My eastern tropical Pacific sea surface temperatures watchers, get hype. An El Niño Watch is in effect.
The climate phenomenon that starts with warmer than normal waters in the eastern tropical Pacific and alters weather around the world has a pretty good chance of forming later this year. According to the National Oceanic and Atmospheric Administration (NOAA), which announced the watch on Thursday, there’s a 50 percent chance El Niño conditions will emerge this fall. The odds go up to 65 percent by the time winter rolls around.

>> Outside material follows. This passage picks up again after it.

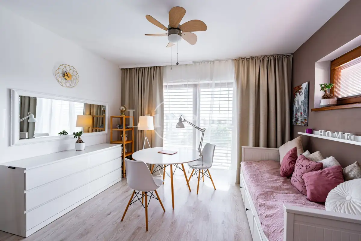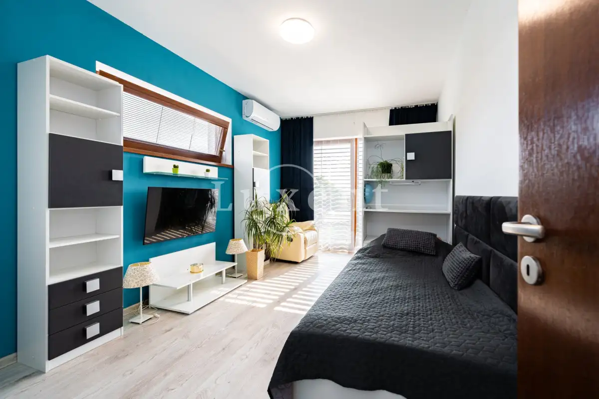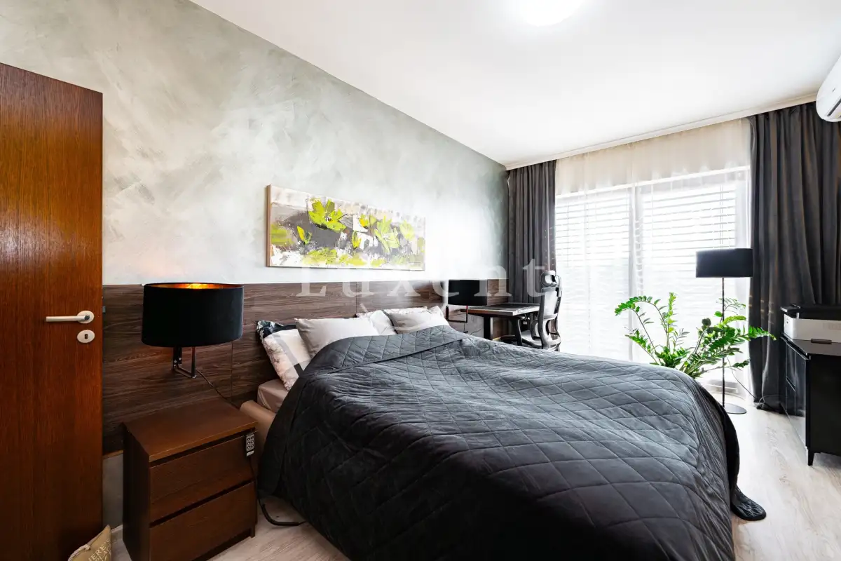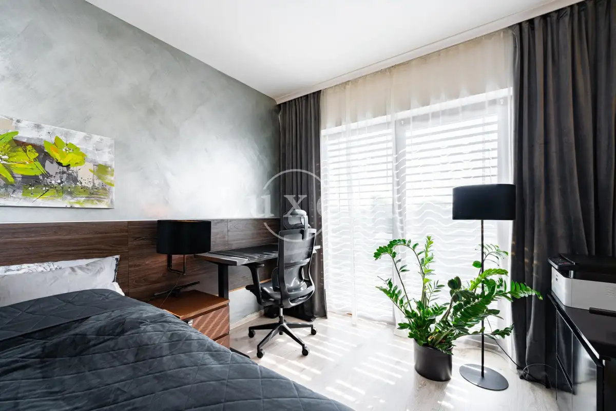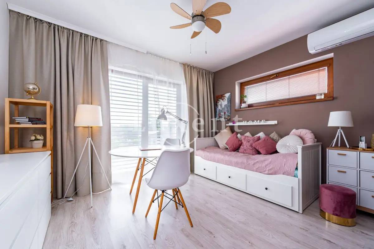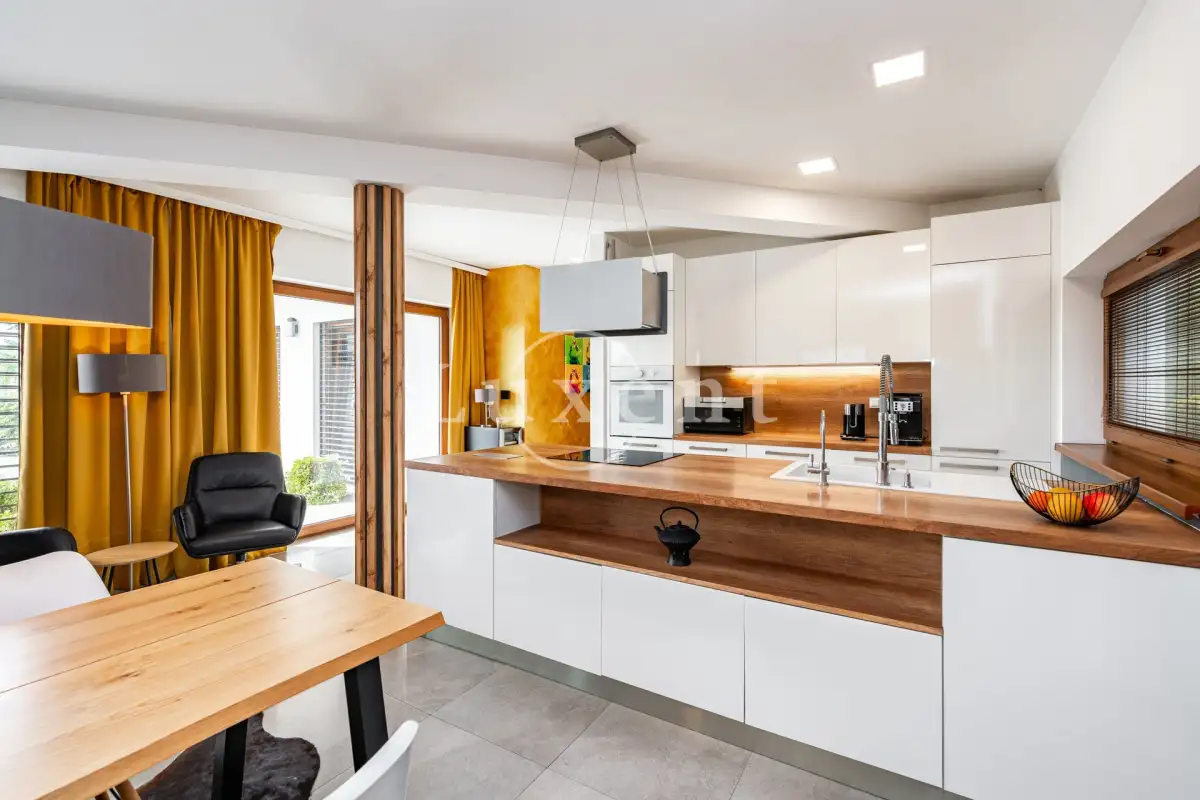 V 1. NP se nachází velmi prostorná předsíň se vstupem do oddělené šatny. 2.NP nabízí pokoj pro hosty s klimatizací (13,7 m2), koupelnou, šatnou (8,7 m2) a úchvatným výhledem na bazén. Dále dětský pokoj o velikosti 9,3 m2 a technickou místnost s toaletou. Součástí 2.NP je velkorysý obývací pokoj s krbem, jídelnou, kuchyní a to vše o velikosti 43,6 m2. Kuchyňská linka HANÁK má veškeré vestavěné spotřebiče, indukční desku, el. troubu s grilem, lednici, myčku a drtič odpadu. Z obývacího pokoje je vstup na severní i jižní terasu. Severní terasa má výsuvnou elektrickou markýzu s čidlem, které automaticky stáhne markýzu při velkém větru, bio krb a posezení v úplném soukromí s výhledem do zahrady. Jižní terasa nabízí naopak slunné posezení a příjemný relax u bazénu o velikosti 6x3 metrů, který má slanou vodou a zastřešení. V 3.NP je hlavní ložnice (15,9 m2) se šatnou (2,3 m2), dětský pokoj (15,6 m2) a koupelna s toaletou. Toto patro má v pokojích klimatizace. Výhledy z tohoto podlaží jsou ohromující.

The agency issues watches when “when conditions are favorable for the development of El Niño or La Niña conditions within the next six months.” Right now, models are showing a weak-to-moderate El Niño could be in the cards. But it’s way to early to speculate on the flavor of El Niño we could get at this point, which is about as useful as definitively saying where Lebron is going to end up (please let it be the Celtics).
But we can talk about why the odds are tipping toward El Niño. For one, ocean temperatures just below the surface are pretty toasty. Subsurface heat content this May was the sixth-warmest on record for the month.
Heat below the surface does not an El Niño make, though—you’ve got to get that hot water to the surface. Looking at the average temperatures on the surface of the tropical Pacific shows that things are decidedly neutral right now. However, there are key differences when you look on either side of the equator that could provide an opening for that subsurface heat to peek through.
The Pacific is a bit warmer than normal to the north, and cooler than normal to the south. This pattern is the positive phase of what’s known as the Pacific Meridional Mode. And it matters because the trade winds—which blow from east to west along the equator—tend to weaken during this positive phase. That could, in turn, let the warm water beneath the surface work its way east and eventually burble up to the surface
It will take months for these processes to play out, which is why we’re only in an El Niño Watch. But if El Niño does emerge, it could be a bit deal, because the pattern has a number of impacts on the world’s weather.
If El Niño forms in fall, it could put the kibosh on the tail end of hurricane season: El Niño tends to increase upper level winds that can inhibit hurricane formation in the Atlantic basin. El Niño also generally means more precipitation along the southern tier of the U.S. and drier conditions in the Northwest during the winter.